Should You Play Salt and Sanctuary?

If you enjoy Souls-style combat and want to experience that formula in a different format, Salt and Sanctuary is one of the best translations available. The combat is satisfying, the boss variety is impressive, and the local co-op is a genuine bonus. Players who enjoy figuring out interconnected worlds without explicit guidance will find the exploration rewarding, even without a map.

Skip it if balance consistency matters to you, or if the lack of a map sounds more annoying than immersive. Players who prefer tighter difficulty curves and the ability to experiment freely with character builds may find Salt and Sanctuary’s limitations more noticeable than its strengths. It’s a game best approached with patience and a willingness to accept some rough edges alongside excellent combat.

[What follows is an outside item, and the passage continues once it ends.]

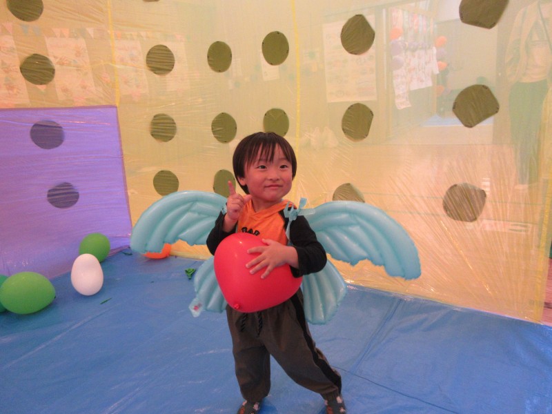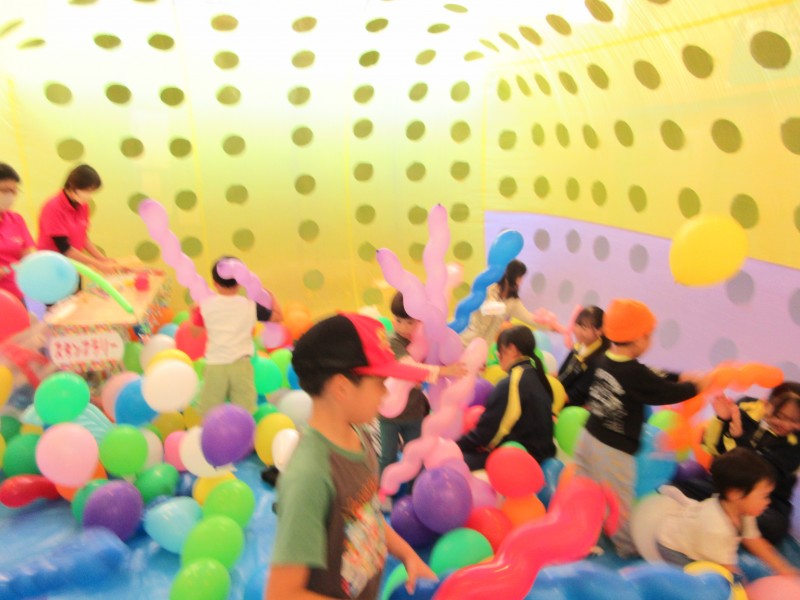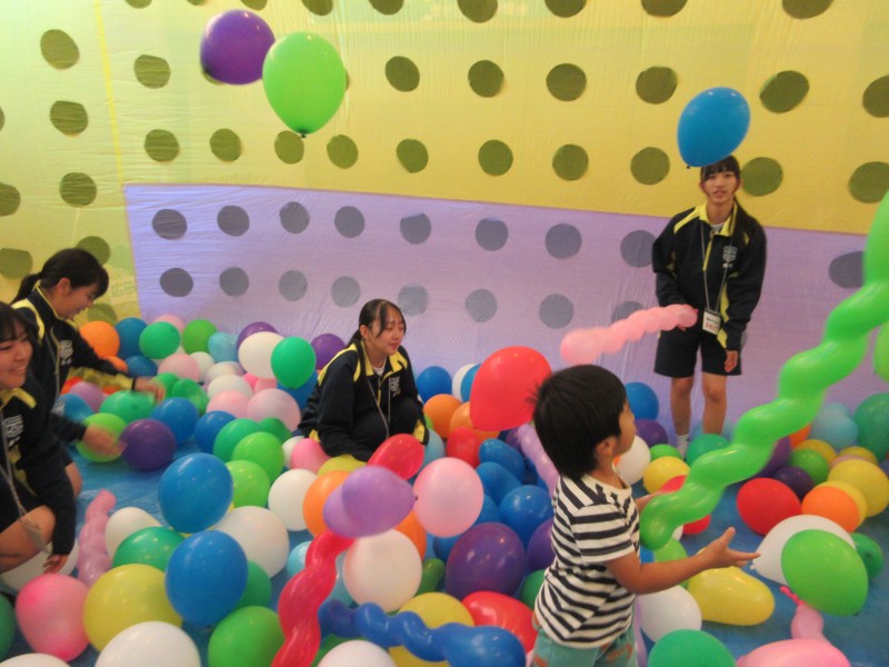 5メートル×3メートルの特大風船ドームの中は風船でいっぱいです❤中にいる佐世保東翔高校JRC部のお姉さんたちが一緒に遊んでくれるとあって、お友達もとっても楽しそうです❤

The Verdict on Salt and Sanctuary

Salt and Sanctuary proved that the Souls formula could work in two dimensions, and it did so with a tiny team and obvious love for the games that inspired it. The combat is the star, with weapon variety and stamina management creating fights that feel tactically rich and deeply challenging. Balance problems and the missing map pull it back from the genre’s top tier, and the respec restrictions feel needlessly punishing. But the ambition on display, and the degree to which that ambition is realized, makes this a game worth experiencing for anyone who wants their side-scrollers to hit as hard as their 3D counterparts.